Acute and chronic low back pain is a ubiquitous complaint encountered by primary care physicians throughout the United States, accounting for the second most common symptomatic reason for office visits. Low back pain is the leading cause of disability for patients younger than age 45, resulting in lost time from work and decreased work productivity, with increasing cost expenditures for evaluation and treatment of back pain estimated at $90 billion annually ($4695 per year in 1997 vs. $6096 in 2005); it is thus considered a major public health issue in the United States.

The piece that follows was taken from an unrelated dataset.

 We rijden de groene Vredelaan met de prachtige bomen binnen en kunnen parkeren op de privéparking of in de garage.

The most common reason why patients undergo imaging of the spine is pain. Degenerative/acquired and congenital spinal stenosis, neoplasm, infection, trauma, inflammatory or arthritic processes are all known causes of back pain. However, a majority of patients presenting with neurogenic intermittent claudication and radiculopathy is the result of acquired “degenerative” spondylotic changes as the cause of central canal, subarticular recess, and/or neuroforaminal compromise. Acquired degenerative disease is due to a combination of bone, ligament, joint, and disk disease, most commonly affecting the lumbar spine, followed by the cervical spine. Thoracic disk disease is now more commonly recognized with the increased use of magnetic resonance imaging (MRI).

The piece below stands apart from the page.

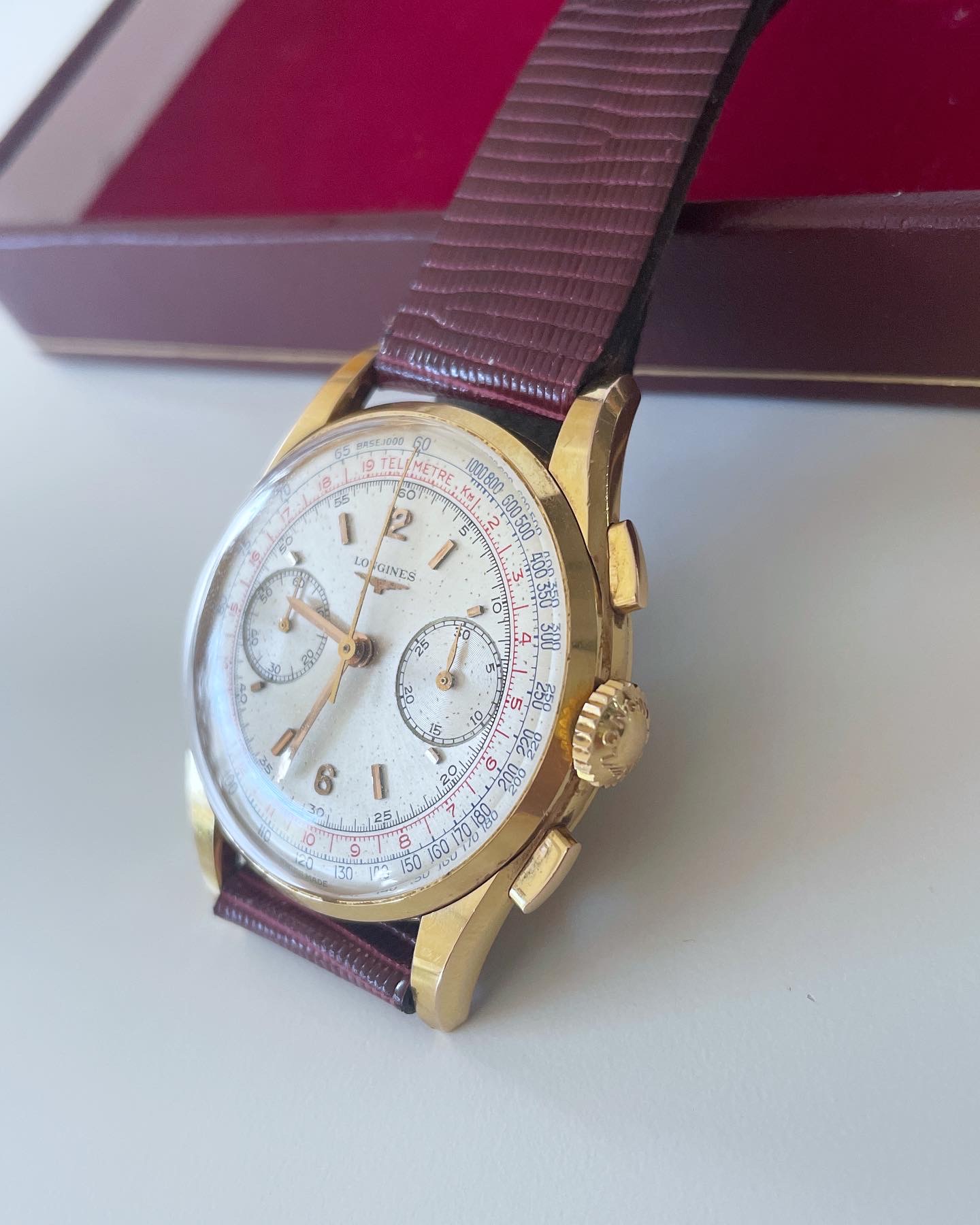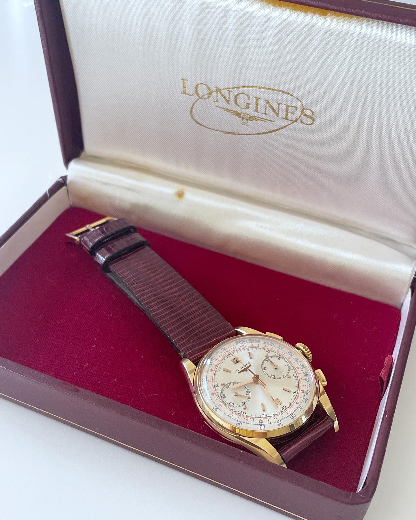 That lovely case reminds me of this that I hesitated to buy a couple of years ago from an antiques dealer in Vienna. He wanted 4,000 euros for it which was too rich for me at the time and in my head, just going off my gut as I couldn't find another like it, was about double what I would have paid. I did email Longines for info and it tallied with what the dealer said. It still resides in my memory though as it was just gorgeous....34mm exc crown.

Imaging Guidelines, Techniques, and Methods
Advanced imaging has led to a more accurate understanding of radiographic changes throughout the spine that are now known to occur as part of the normal aging process. However, imaging does allow for accurate assessment of mechanical causes of nerve root compression, offering objective evidence in support of a clinical diagnosis of back pain or radicular symptoms. Conversely there is a high prevalence of abnormal computed tomography (CT) and MRI findings in asymptomatic patients. Degenerative changes involving the intervertebral disks or facet joints have not been proven to correlate with back pain, because many patients without back pain demonstrate zygapophyseal joint osteoarthrosis, disk desiccation, reduced disk height, annular tears, and disk protrusions. Thus degenerative changes may be coincidental, given the poor association between low back pain and anatomic findings, and when found at imaging are not correlative of a patient’s pain or predictive for the development of back pain.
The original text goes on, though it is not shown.